Branch: refs/heads/main
Home: https://github.com/WebKit/WebKit
Commit: 1e34af6e2696cfee789e5dfc6322e10a30718b53
https://github.com/WebKit/WebKit/commit/1e34af6e2696cfee789e5dfc6322e10a30718b53
Author: Marcus Plutowski <[email protected]>
Date: 2025-12-15 (Mon, 15 Dec 2025)
Changed paths:
M Source/bmalloc/CMakeLists.txt
M Source/bmalloc/bmalloc.xcodeproj/project.pbxproj
M Source/bmalloc/libpas/libpas.xcodeproj/project.pbxproj
M Source/bmalloc/libpas/src/libpas/pas_allocation_mode.h
M Source/bmalloc/libpas/src/libpas/pas_bitfit_page_inlines.h
M Source/bmalloc/libpas/src/libpas/pas_config.h
M Source/bmalloc/libpas/src/libpas/pas_local_allocator_inlines.h
A Source/bmalloc/libpas/src/libpas/pas_stats.c
A Source/bmalloc/libpas/src/libpas/pas_stats.h
M Source/bmalloc/libpas/src/libpas/pas_try_allocate_common.h
M Source/bmalloc/libpas/src/libpas/pas_utils.h
Log Message:
-----------
[libpas] Introduce stat-counter system for libpas
https://bugs.webkit.org/show_bug.cgi?id=299311
rdar://160953463
Reviewed by Dan Hecht.
This patch adds a new stat-counter system to libpas, with the intention
of tracking allocator-internal statistics and performance data. A
motivating example is to measure how many allocations are made per
size-class for the purposes of better tuning libpas' configuration
parameters-- we've done this in the past, but it's always been ad-hoc
and thus inefficient / less trustworthy than a built-in and maintained
system would be.
By default, these are compiled out of the build, and even when built in
they include a runtime configuration option (PAS_STATS_ENABLE) which can
be set to turn some/all stat-counters on,
e.g. `PAS_STATS_ENABLE=counter_a,counter_b`, or `PAS_STATS_ENABLE=1` to
turn on all available stat counters.
By default, stats are logged to stdout (as json blobs), but setting
`PAS_STATS_LOG_FILE` will instead log them out to the specified file.

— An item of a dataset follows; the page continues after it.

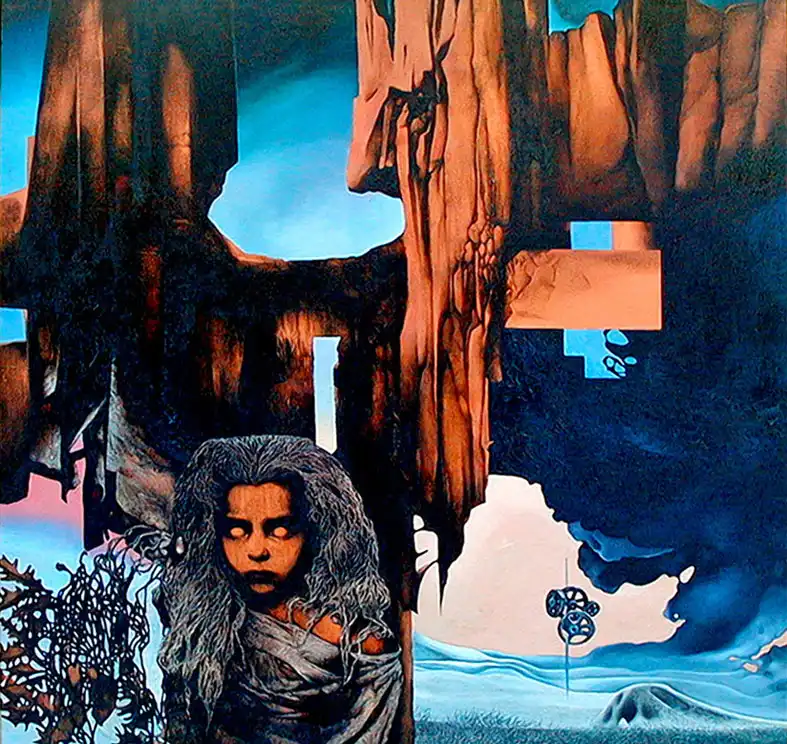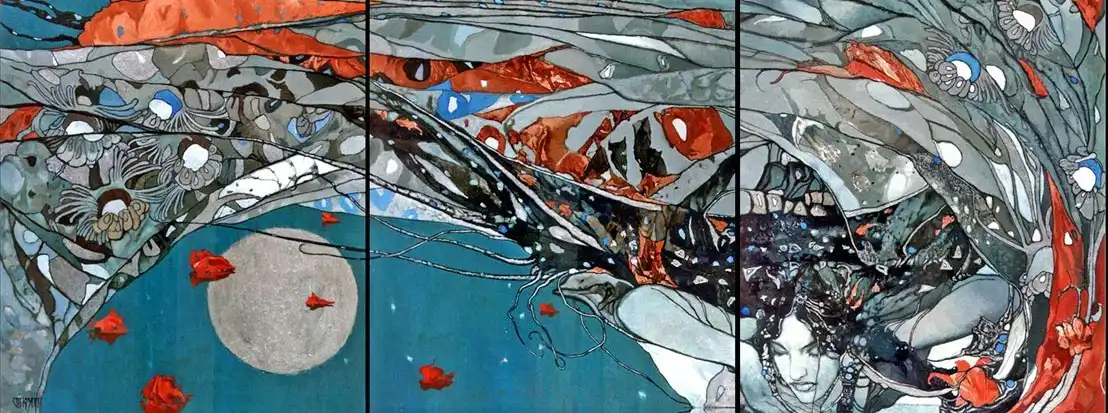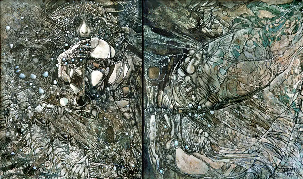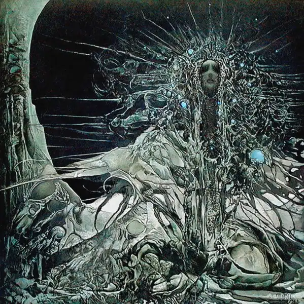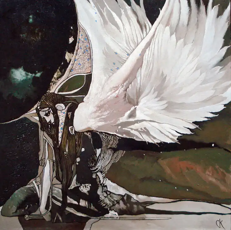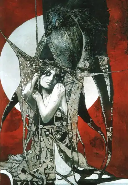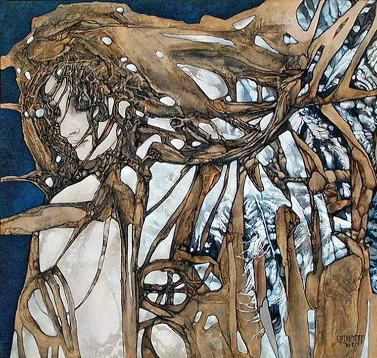 Спокойный человек чуть устало закрыл глаза. Он держится за нить, спускающуюся с неба. Сзади маячит совершенно непонятный, явно далекий от человеческого мира предмет (или существо?). И один из его отростков почти незаметно переходит в одеяние человека, окутывает его тело. Так же как и нить с неба — она тоже то ли переходит в одежду, то ли наоборот — прокалывает ее насквозь...

Since not all environments in which libpas runs have a clean 'exit' hook
(e.g. Safari tends to call terminate() in order to ensure it exits
quickly) this system instead logs all counters periodically based on
the total number of stat-count-events which have taken place across all
threads. I tried doing this in the scavenger but that doesn't work very
well since the scavenger runs infrequently enough that we end up
missing a lot of counter events near the end of a test.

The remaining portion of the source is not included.